Kenneth Roth, otuz yılı aşkın bir süredir HRW’yi, Bosna ve Ruanda’daki vahşetlerden “Teröre Karşı Savaş”a, otoriter baskılara ve yükselen popülizme kadar önemli küresel insan hakları mücadelelerinde yönetti.
Kitabında, uluslararası insan hakları savunuculuğunun, faillerin hesap vermesini sağlamada ve küresel politikayı şekillendirmede nasıl önemli bir fark yaratabileceğine dair içeriden bir bakış sunuyor.
Bu sohbette, Avrupa İnsan Hakları Mahkemesi (AİHM) Büyük Daire’nin Yalçınkaya hakkındaki kararı, Duterte’nin yakın zamanda Uluslararası Ceza Mahkemesi tarafından tutuklanması, Uluslararası Ceza Mahkemesi’nin caydırıcı etkisi ve ABD’de hukuk mesleğine yönelik saldırılar ele alındı. Ayrıca, hukukun üstünlüğünün küresel çapta gerilemesi ve insan hakları savunuculuğunun geleceği hakkındaki düşünceler de aktarıldı.

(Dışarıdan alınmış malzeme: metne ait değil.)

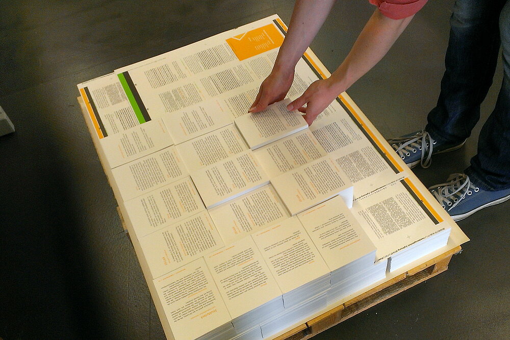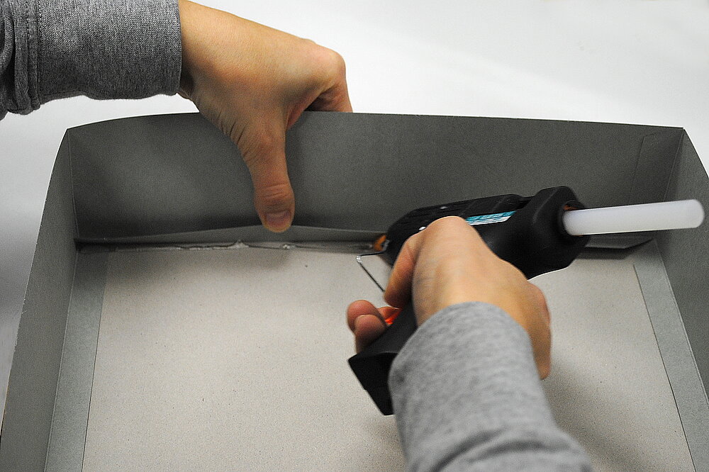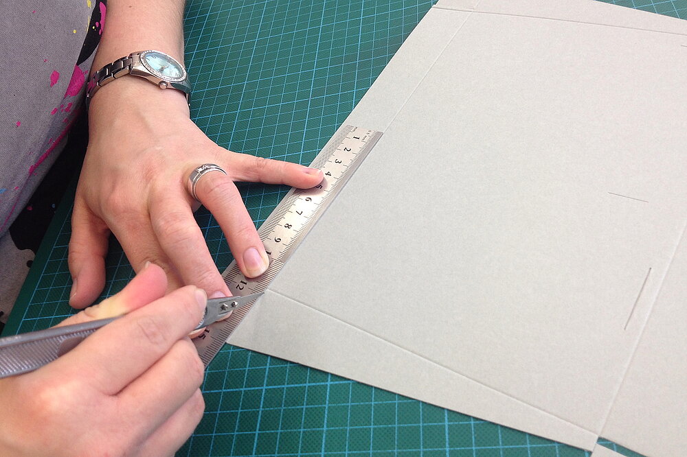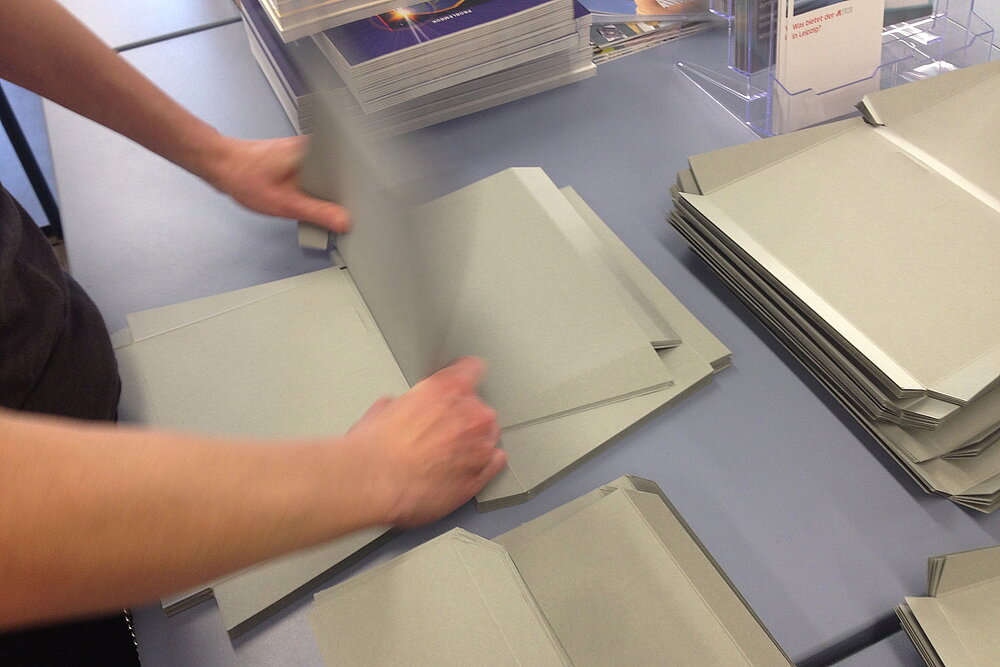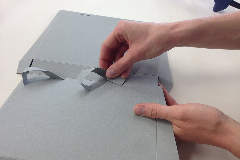 Die Musterbox besteht aus zwei vorgefertigten Schachtelelementen (Boden, Deckel), die mit einem Schachtelhals und der sogenannten Bank, einem Pult als Auflagefläche für die Fächer, ausgestattet werden. Diese Elemente werden aus Karton gestanzt. Zuerst wird das Material für den Hals in den Boden geklebt. Danach wird die Bank vorbereitet. Dafür muß der gestanzte Zuschnitt gefalzt und verklebt werden. Um später den Musterfächern den richtigen Halt in der Musterbox zu verschaffen, werden die Pulte mit Magneten sowie Schlaufenelementen versehen und danach in den Boden der Musterbox geklebt. Die vier Fächer werden aufgelegt. Der Deckel wird abschließend mit einem Informationsblatt zu Projektpartnern und Inhaltsverzeichnis versehen.

Roth, Yalçınkaya kararı hakkında şöyle konuştu:
“Birinin telefonunda bulunan belirli bir uygulama, Bylock uygulamasını kullanmak, bu sadece mesajlaşma uygulaması, hiçbir şey ifade etmez. Avrupa İnsan Hakları Mahkemesi yerinde bir karar vererek, hiçbir şeyin kanıtı olmadığını söyledi. Erdoğan yönetimindeki mahkemelerin sadece uygulamaya dayanarak insanları mahkum etmesi saçma. Bu tam bir haksızlık. AİHM bu kararı verdi, hükümet uymuyor.”
“Bence Türk halkı Erdoğan’ın otokrasisinden giderek daha fazla bıktı ve bunu gördük çünkü Erdoğan, çok tehdit edici bulduğu siyasi rakiplerini periyodik olarak hapse atıyor. Erdoğan, özgür ve adil bir seçim yapılmasına izin verirse başı dertte olur. Adil demokrasi anlayışını tamamen baltalayacak adımlara başvuruyor. Artık Dünya bunun farkında. Yani eğer Putin ya da Lukaşenko gibi birinin yönünde hareket ediyorsa, orada hala seçim oyunları oynanıyor, ama kimse bunların meşru seçimler olduğunu iddia etmiyorsa, aradığı meşruiyeti kaybedecek. Tam bir diktatör olarak karşımıza çıkacak. Yani o bunu dengelemeye çalışıyor. Gerçek bir seçim gibi görünen bir şey yapmaya çalışıyor ama aslında oyun alanını ağmeye çalışıyor. Hükümetlerin geri adım atmaması ve bu diğer kaygıların demokrasiyi savunmalarının önüne geçmesine izin vermemesi gerektiğini düşünüyorum.”